In the decline stage, the trend will begin to go out of fashion, losing its popularity. Sales and profits will rapidly decrease, and retailers will but this style on sale to eliminate the obsolete stock (Kim, E., Fiore, A, M., Kim, H., 2011).

Role Of The Media

Ruth Staiman, former fashion director and current CEO of The Fashion Office, has stated that technology is the new fashion.

“Trend forecasting is a process that begins with colour and fabric predictions, trend selections and comes full circle with trade show and fashion show attendance. Before the internet, Fashion Direction was based on instinct.”

Sites such as Stylesight, Stylelist, My Pantone and Polyvore only add more information and data to the process. Information that was only available to Retail executives is now in the public domain and has pushed trend forecasting to a new level.”

Furthermore, Wendy Bendoni a Professor of Fashion Marketing has said that “tracking fashion trends used to mean traveling abroad about five times a year to review runway, retail and street fashion and the total process would take over a month.”

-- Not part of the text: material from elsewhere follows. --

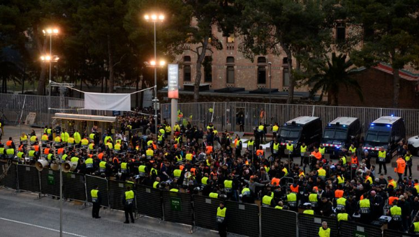 แฟนบอล 6 รายโดนเจ้าหน้าที่ตำรวจจับกุมตัวก่อนเกม ยูฟ่า แชมเปี้ยนส์ ลีก ระหว่าง บาร์เซโลน่า กับ โอลิมปิก ลียง
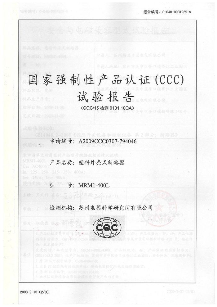 MRM1-400L塑殼斷路器資質(zhì)證書(shū)

However, today with the support of media outlets and social media it can take up to only a few minutes to send footage of what people are currently wearing and what trends retailers are distributing changing the face of trend forecasting forever (Wright, M., 2010).

Social media is an ever-growing platform with an extremely competitive online environment. Social media has a large role to play in the modern-day market when it comes to trends and trend forecasting this is because, certain fashion statements often manage to attract an inordinate amount of attention, thus becoming a trend.

Much of the time, trends occur over social media because of the influence of popular members of the network when they project content which resonates with their following thus causing the content to propagate and gain popularity with a wider majority (Asur, S., Huberman, B, A., Szabo, G., Wang, C., 2011).

The modern-day consumer has more influence over the fashion industry than ever before through the power of social media; from the average person inspiring and influencing fashion designers to fashion bloggers influencing not only their followers but designers because they essentially have the same power as editors therefore, creating and developing new trends (Sellors, A,B., 2014).

The digital revolution has empowered people from all ends of the spectrum to take trend research into their own hands. Therefore, instead of a few trends emerging at the one time there is now a magnitude of trends surfacing simultaneously infiltrating one another (Illingworth, G., 2016).

Today’s trend forecasting is no longer demographic based but more dynamic, embedded within social and cultural frameworks as in recent years, communities have diversified, and consumer patterns have become more complex therefore, making trend forecasting more complex than ever before (Illingworth, G., 2016).